Ende der Neunzigerjahre wurde das Wankdorf aber auch zum Sinnbild für den Niedergang der Young Boys. Das Stadion starb zusammen mit YB ganz langsam vor sich hin. Kein Mensch kümmerte sich darum. Als Beispiel dafür die Episode des Eidgenössischen Schwingfests von 1998, als ein im Anspielkreis aufgestelltes Holz-Brünneli den Rasen auf Monate hinaus ruinierte. Der Fussballverband nahm dem Wankdorf die Cupfinals und die Länderspiele weg.
Die Räumung
Aber dennoch liebten die Berner ihr Stadion. Und deshalb bleibt der 7. Juli 2001 unvergessen. Nach dem Schlusspfiff folgte die Abschiedsgala – eine Licht- und Laser-Show, die ganz und gar nicht zum alten Stadion passte. Auf einer immensen Leinwand wurden die grössten und wichtigsten Ereignisse nochmals visualisiert. Kugelstosser Werner Günthör vollführte einen symbolischen Spatenstich für den Bau der neuen Arena, die vier Jahre später eingeweiht wurde. Doch so richtig los ging die Party erst, als die letzten Töne von «Time to Say Goodbye» von Andrea Bocelli verklungen waren.

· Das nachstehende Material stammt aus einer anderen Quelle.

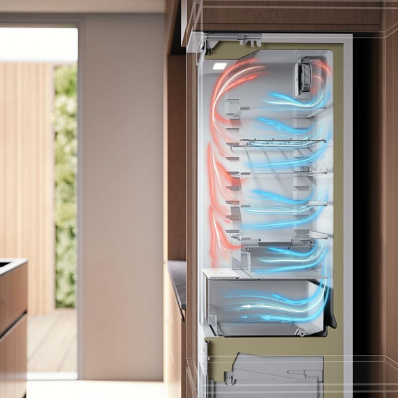 Динамическая система охлаждения обеспечивает постоянную принудительную циркуляцию охлажденного воздуха во внутренней камере холодильника. Это не только позволяет поддерживать одинаковую температуру на всех полках, но и быстро восстанавливать ее значение после открытия дверцы или загрузки свежих продуктов.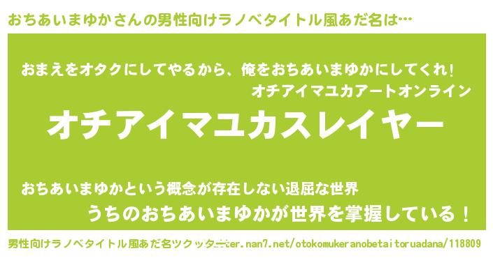 おちあいまゆかさんの男性向けラノベタイトル風あだ名をツクッター!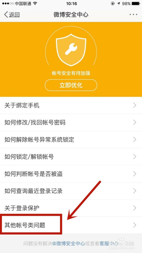 在微博平安中间页面,点击进入其他账号类问题。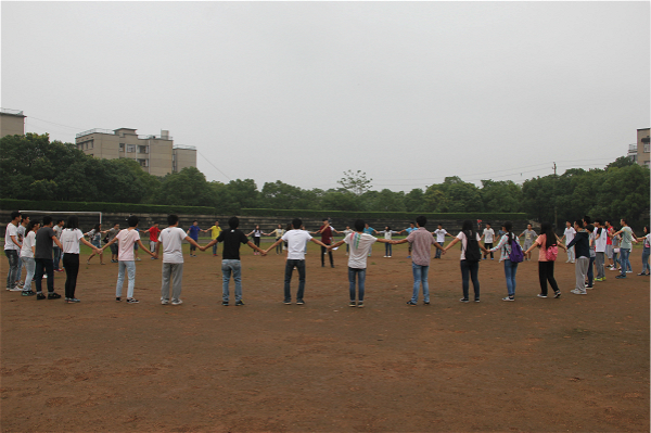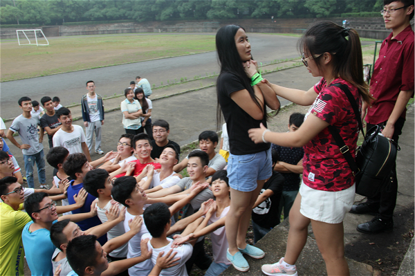 之后,进行随机分组,要求各队在三分钟内选出队长并确定队名、队训。 “颜值爆表队”、“什么都不队”、“超能陆战队”、“地底人队”、“皇家科协队”等队名相继确定之后,继续进行游戏。“精神集中”要求全队以统一的动作开展活动,由于游戏规则的多变,以及刚刚组队的默契度不够,难免会失败。失败的队伍,要求队长承担所有本队队员的一切惩罚,这不仅仅是一种惩罚,而是教导何为责任与担当。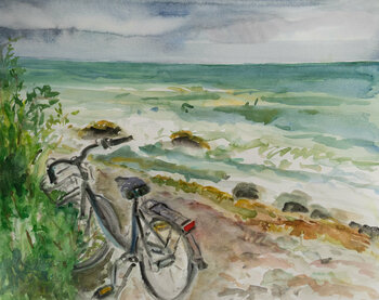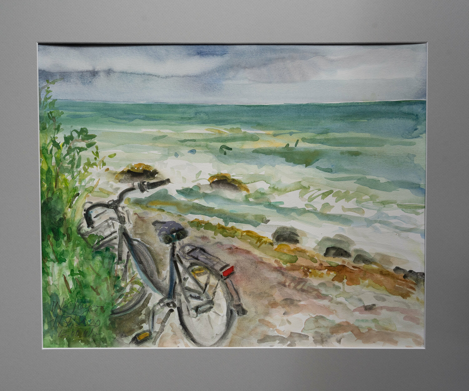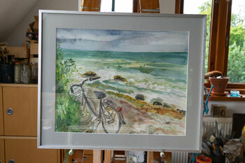 Das Bild ist am Strand entstanden. Ich fuhr mit dem Fahrrad an diesen Ort. Der Weg endete am Strand. Ein kräftiger Wind und schnell ziehende Wolken versprühten eine lebendige Atmosphäre. Das Aquarell ist auf einem hellgrauen Passepartout aufgezogen und mit einem matten Alurahmen der Firma Nielsen gerahmt, mit den Maßen 50x60 cm. Meine Signatur befindet sich auf der Vorderseite.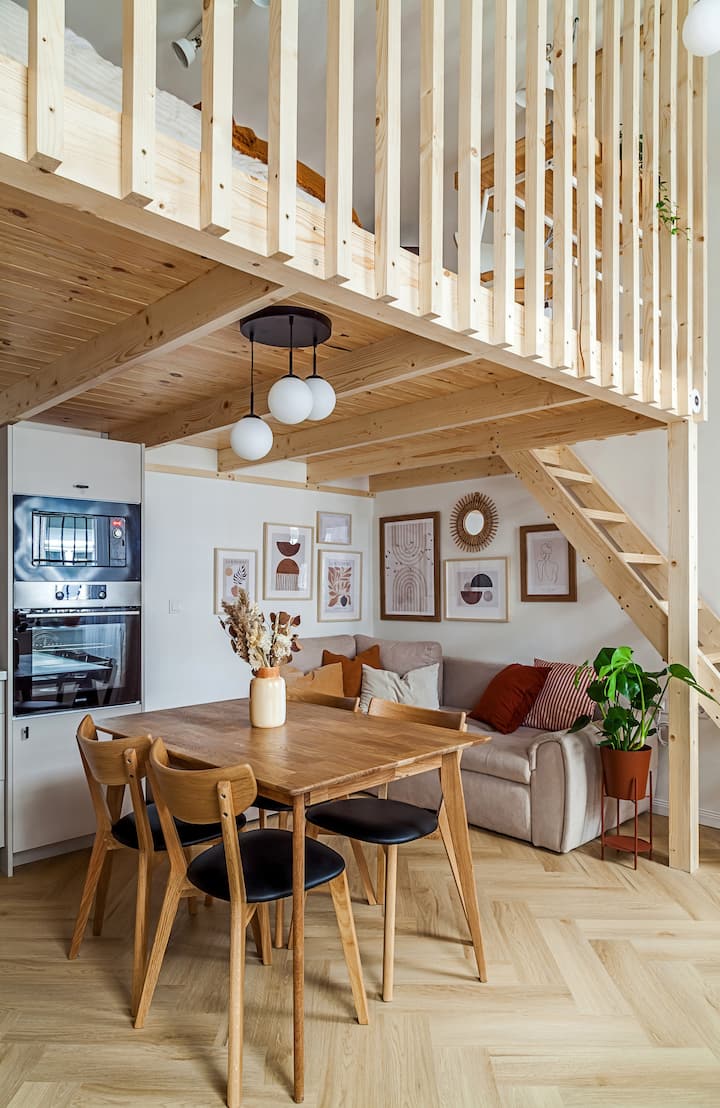 Banesa ka tavane të larta prej 3.7 metrash që mundësuan krijimin e një dhome gjumi të rehatshme me loft. Dhoma e gjumit është afërsisht 10 metra katrorë me një lartësi të brendshme prej 1.7 metrash. Dhoma e gjumit ka gjithashtu një qoshe të vogël të stacionit të punës dhe një televizor inteligjent me qasje falas në Netflix.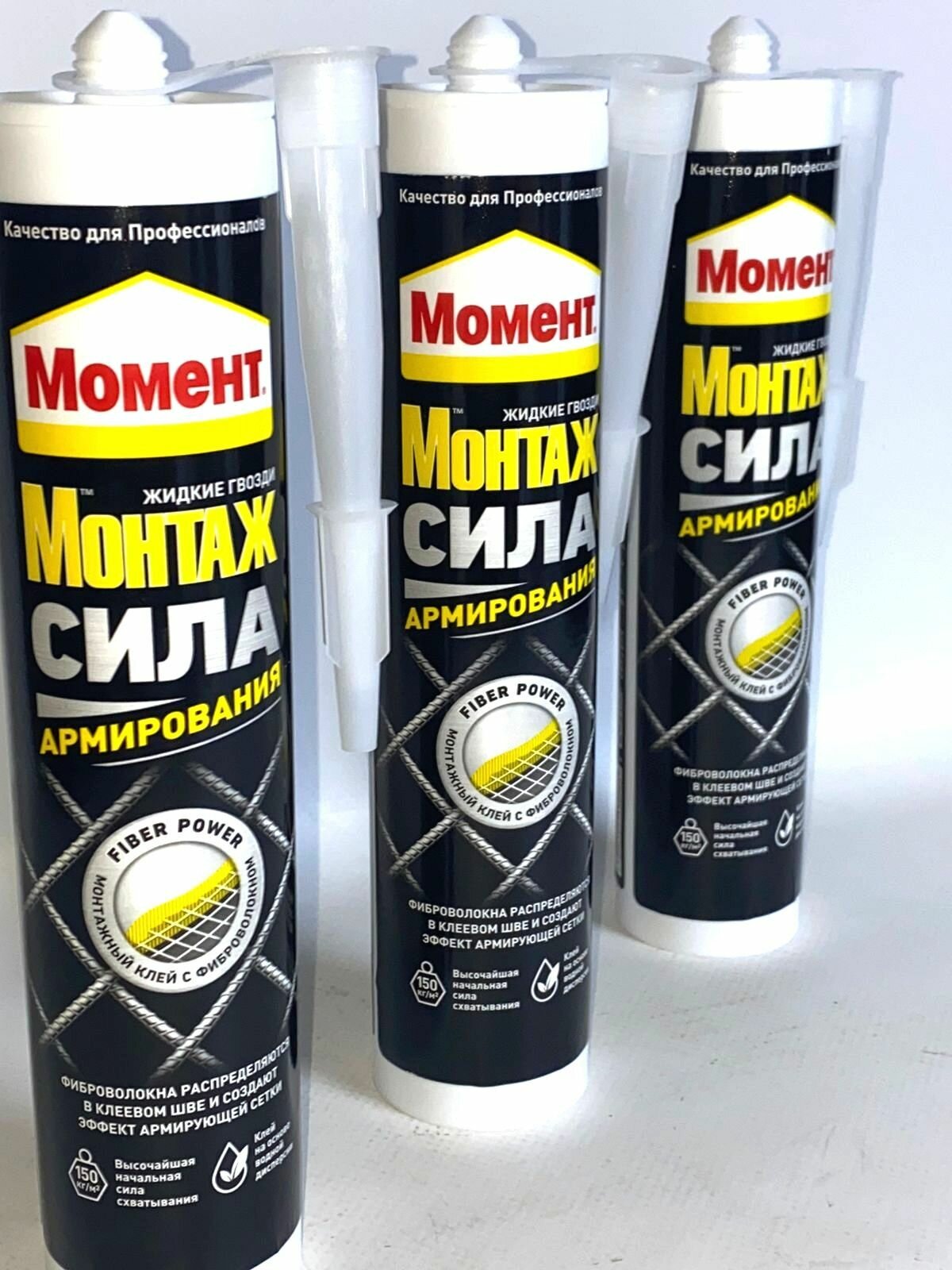 Клей монтажный Момент Монтаж Сила Армирования, жидкие гвозди 400 г, белый, 1шт

Die Fans nahmen den Abriss des Stadions in die Hand. Sobald der Weg aufs Spielfeld frei stand, galt die Jagd nach Trophäen und Erinnerungsstücken als lanciert. Der gesamte «heilige Wankdorfrasen» fand stückchenweise den Weg in private Gärten oder Blumentöpfe. Alles, was man irgendwie transportieren konnte, wurde eingepackt. Zuerst gingen die Trainerbänke weg. Aber auch Corner-Flaggen, die Tore, Bänke, Schilder, Stühle, ja sogar der Präservativ-Automat – alles wurde mitgenommen. Die letzten «Sammler» verliessen das Stadion erst nach der Geisterstunde. Die 40 angestellten Securitas und ein paar Polizisten in Zivil vermochten die Räumung nicht zu verhindern.
Die YB-Bahre
Die legendäre YB-Bahre mit den gelb-schwarzen Rädern, mit der verletzte und simulierende Spieler zügig vom Rasen abtransportiert werden konnten, schnappten sich Fussball-Junioren aus dem Emmental. Aber gerade dieses YB-Kultgut wollte der BSC Young Boys unbedingt ins neue Stade de Suisse (das seit dem 1. Juli 2020 jetzt offiziell wieder Wankdorf heisst) zügeln – als Erinnerung ans alte Stadion. Über die TV-Sendung «Schweiz aktuell» begann die Suche nach dem Unikat. Und tatsächlich fand das Stück innerhalb von weniger als einer Woche unbeschädigt den Weg zurück nach Bern – und wird im Wankdorf heute noch benützt.